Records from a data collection

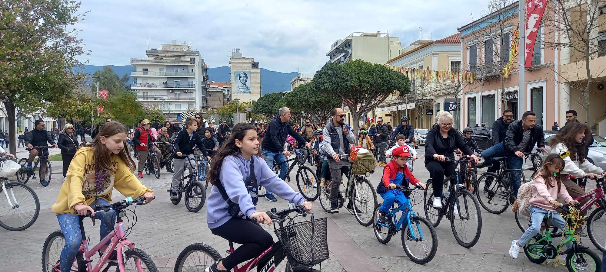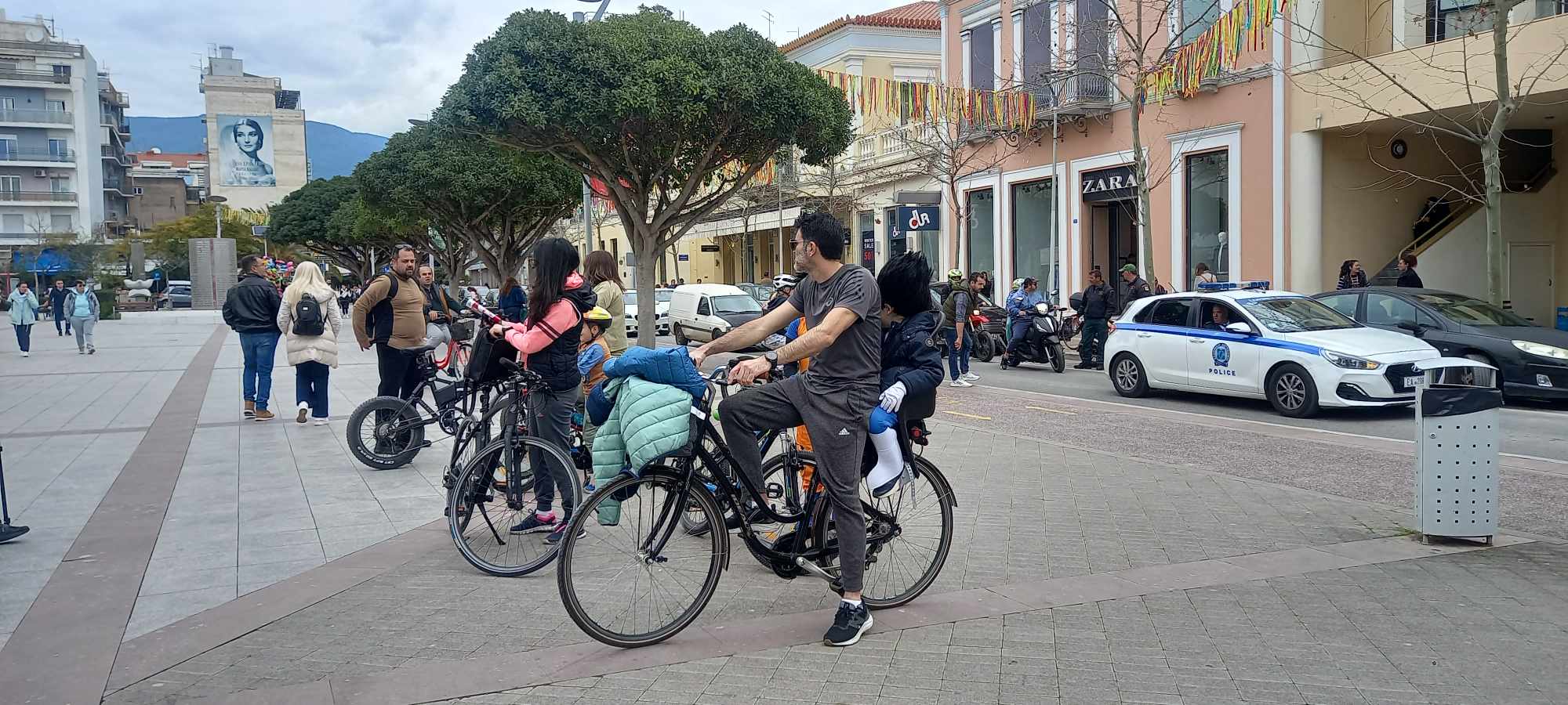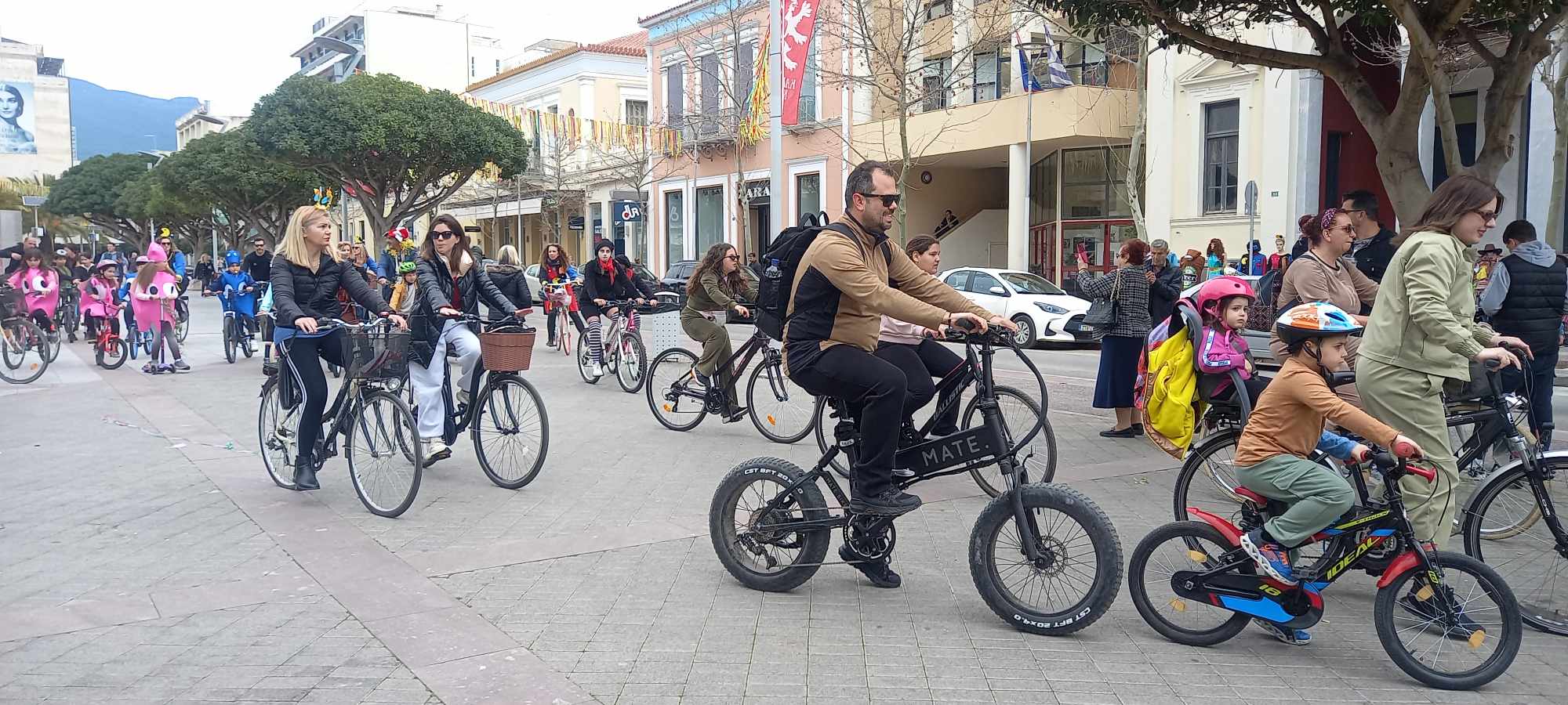 Με περίσσια αποκριάτικη διάθεση μικροί και μεγάλοι συμμετείχαν το πρωί του Σαββάτου στην ποδηλατάδα που διοργανώθηκε στο πλαίσιο των εκδηλώσεων του 11ου καλαματιανού καρναβαλιού.
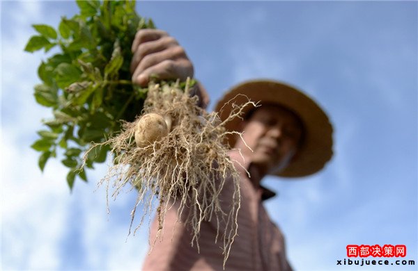 9月28日,在定西市隴西縣德興鄉(xiāng)營(yíng)門村,一位農(nóng)民展示受旱情影響導(dǎo)致不足雞蛋大小的馬鈴薯。
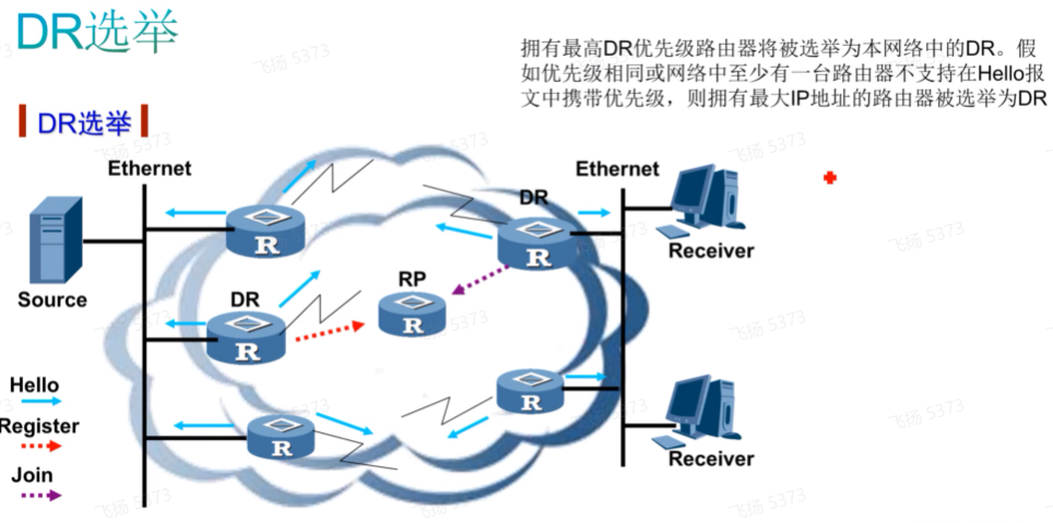 在pim-sm模型中,第一跳路由器在收到组播源发送的组播流量后,需要向rp发送注册报文-封装成单播报文发送给rp,但是这个注册报文由哪台第一跳路由器发送?就需要选出源端dr,由源端dr来发送。
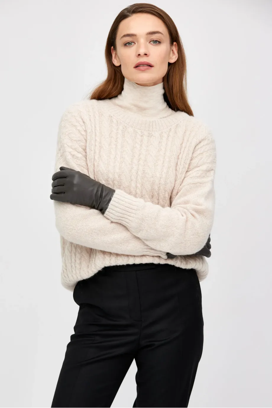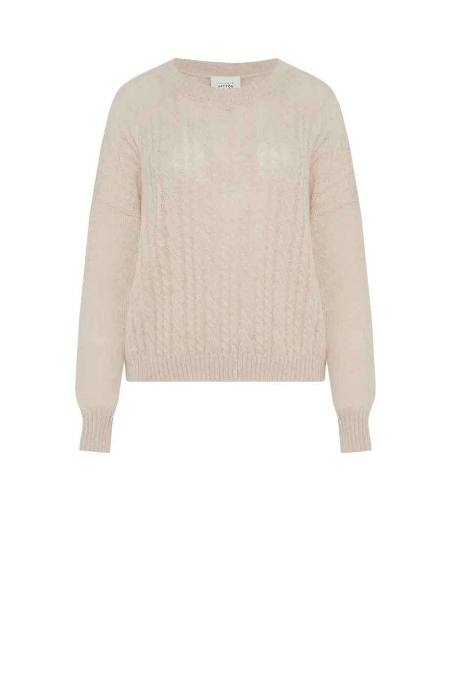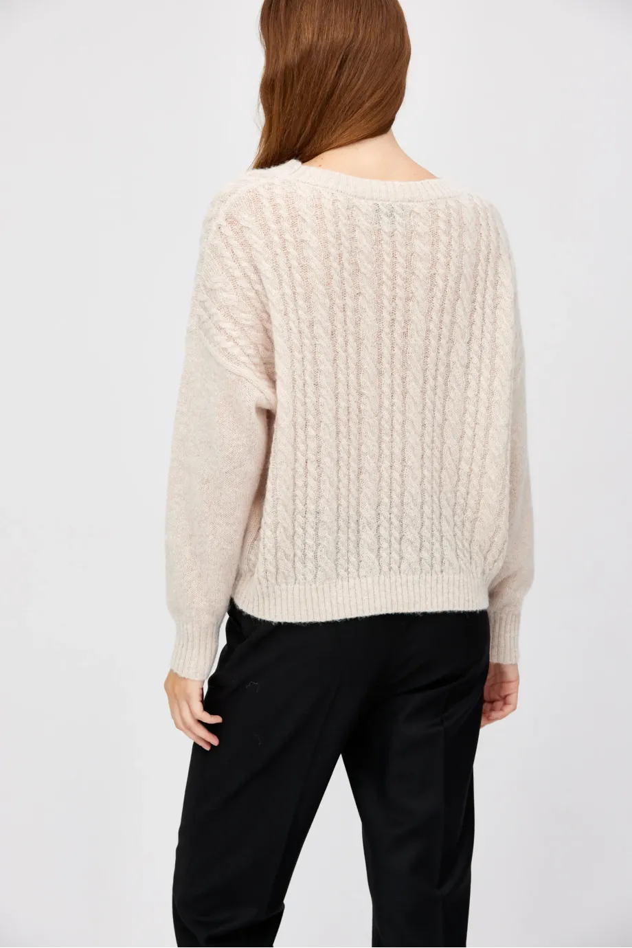 Sweter z wełny merynosowej i moheru. Długi rękaw, okrągły dekolt, luźny fason, krótka forma. Miękka dzianina o splocie cable knit, przygotowana na maszynie o uigleniu 7 GG. Kolor beż.
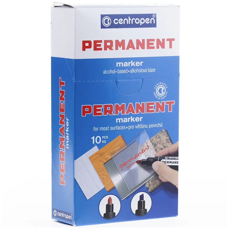 Перманентный маркер, красный. Предназначен для письма на большинстве поверхностей. Чернила на спиртовой основе, термостойкие (до 100°C). Устойчивый к воде, стиранию, атмосферным воздействиям. Клиновидный наконечник, толщина линии 1-4,6 мм.
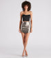 Your style is looking out of this world with this faux leather skirt featuring a sleek, high-rise waist, a bodycon silhouette, and a round mini-length hem. The metallic sheen will keep all eyes on you. Style with a corset top to complete your night out look!
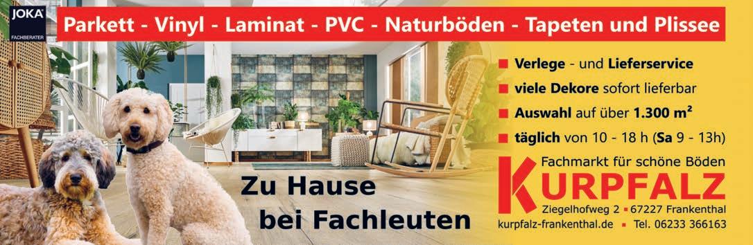 MEINSCHÖNES ZUHAUSE DIESEITENFÜRBAUEN,WOHNEN&LEBEN Anzeigensonderveröffentlichung Design: Jean-Pierr udebert nfigur jori. m/ nfigurator innovativeseating comfortsince 1963 Möbelhau sH ut hmachere.K .· Gr ünstadt ·w ww.moebel-huthmacher de Sitzkomfortträgt eine Signatur:JORI Entdeckenund genießenSieden ultimativen Sitzkomfor unsererAu YOGA DESIGN / VERHAERT NEW PRODUCTS / 1996 Legendäres Modell, 2850.– € in Leder, schwarz statt 3754.– € D esigned for dynamic seati ng Möbelhaus Huthmacher e.K. · Grünstadt · www.moebel-huthmacher.de 3896.SONDERPREIS komplettes Boxspringbett ohne Deko, 180/200 cm, Kopfteilbezug abnehmbar, 2 Bezugsfarben, nur solange Vorrat reicht YOGA DESIGN / VERHAERT NEW PRODUCTS / 1996 Legendäres Modell, eal jetzt ab 2666 EUR in Stoff anstatt 3137 EUR legendärer Jubiläumspreis KANAL-REINIGUNG GUTSCHEINüber20,–EUR IsdeAbflusswidderzu,hilftde imNu! 23_01s BobenheimerStraße8 67547Worms 24Std.-Telefon: (06241)972011 einzulösenbis 31122023 KeineBarauszahlungmöglich. EinGutscheinpro Auftrag!
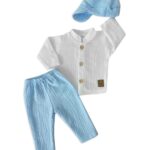 Mušelínová košeľa, nohavice + čiapky, 3D sada, Boy Z&Z, biela/modrá
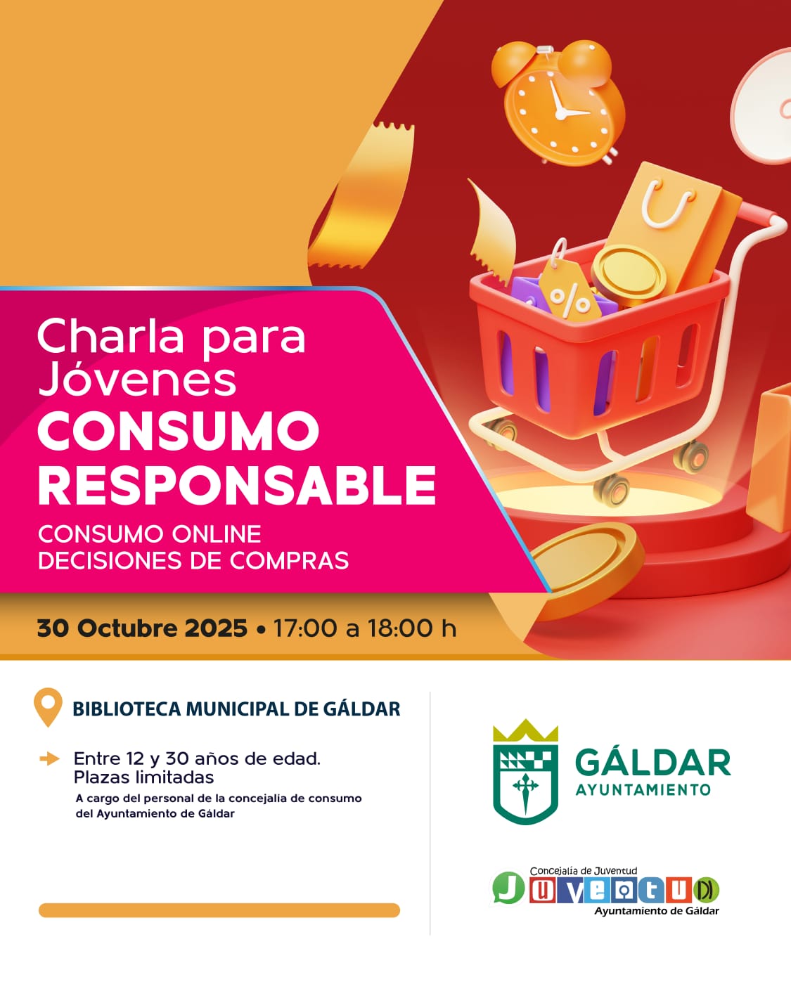 La Concejalía de Juventud del Ayuntamiento de Gáldar, que dirige Antonio María Benítez Melián, celebrará el próximo jueves 30 de octubre una charla formativa sobre consumo responsable, dirigida a jóvenes del municipio con edades comprendidas entre 12 y 30 años.

Problem description: Print the records again exactly, without the pictures.

Written reply:
 Με περίσσια αποκριάτικη διάθεση μικροί και μεγάλοι συμμετείχαν το πρωί του Σαββάτου στην ποδηλατάδα που διοργανώθηκε στο πλαίσιο των εκδηλώσεων του 11ου καλαματιανού καρναβαλιού.
 9月28日,在定西市隴西縣德興鄉(xiāng)營(yíng)門村,一位農(nóng)民展示受旱情影響導(dǎo)致不足雞蛋大小的馬鈴薯。
 在pim-sm模型中,第一跳路由器在收到组播源发送的组播流量后,需要向rp发送注册报文-封装成单播报文发送给rp,但是这个注册报文由哪台第一跳路由器发送?就需要选出源端dr,由源端dr来发送。
 Sweter z wełny merynosowej i moheru. Długi rękaw, okrągły dekolt, luźny fason, krótka forma. Miękka dzianina o splocie cable knit, przygotowana na maszynie o uigleniu 7 GG. Kolor beż.
 Перманентный маркер, красный. Предназначен для письма на большинстве поверхностей. Чернила на спиртовой основе, термостойкие (до 100°C). Устойчивый к воде, стиранию, атмосферным воздействиям. Клиновидный наконечник, толщина линии 1-4,6 мм.
 Your style is looking out of this world with this faux leather skirt featuring a sleek, high-rise waist, a bodycon silhouette, and a round mini-length hem. The metallic sheen will keep all eyes on you. Style with a corset top to complete your night out look!
 MEINSCHÖNES ZUHAUSE DIESEITENFÜRBAUEN,WOHNEN&LEBEN Anzeigensonderveröffentlichung Design: Jean-Pierr udebert nfigur jori. m/ nfigurator innovativeseating comfortsince 1963 Möbelhau sH ut hmachere.K .· Gr ünstadt ·w ww.moebel-huthmacher de Sitzkomfortträgt eine Signatur:JORI Entdeckenund genießenSieden ultimativen Sitzkomfor unsererAu YOGA DESIGN / VERHAERT NEW PRODUCTS / 1996 Legendäres Modell, 2850.– € in Leder, schwarz statt 3754.– € D esigned for dynamic seati ng Möbelhaus Huthmacher e.K. · Grünstadt · www.moebel-huthmacher.de 3896.SONDERPREIS komplettes Boxspringbett ohne Deko, 180/200 cm, Kopfteilbezug abnehmbar, 2 Bezugsfarben, nur solange Vorrat reicht YOGA DESIGN / VERHAERT NEW PRODUCTS / 1996 Legendäres Modell, eal jetzt ab 2666 EUR in Stoff anstatt 3137 EUR legendärer Jubiläumspreis KANAL-REINIGUNG GUTSCHEINüber20,–EUR IsdeAbflusswidderzu,hilftde imNu! 23_01s BobenheimerStraße8 67547Worms 24Std.-Telefon: (06241)972011 einzulösenbis 31122023 KeineBarauszahlungmöglich. EinGutscheinpro Auftrag!
 Mušelínová košeľa, nohavice + čiapky, 3D sada, Boy Z&Z, biela/modrá
 La Concejalía de Juventud del Ayuntamiento de Gáldar, que dirige Antonio María Benítez Melián, celebrará el próximo jueves 30 de octubre una charla formativa sobre consumo responsable, dirigida a jóvenes del municipio con edades comprendidas entre 12 y 30 años.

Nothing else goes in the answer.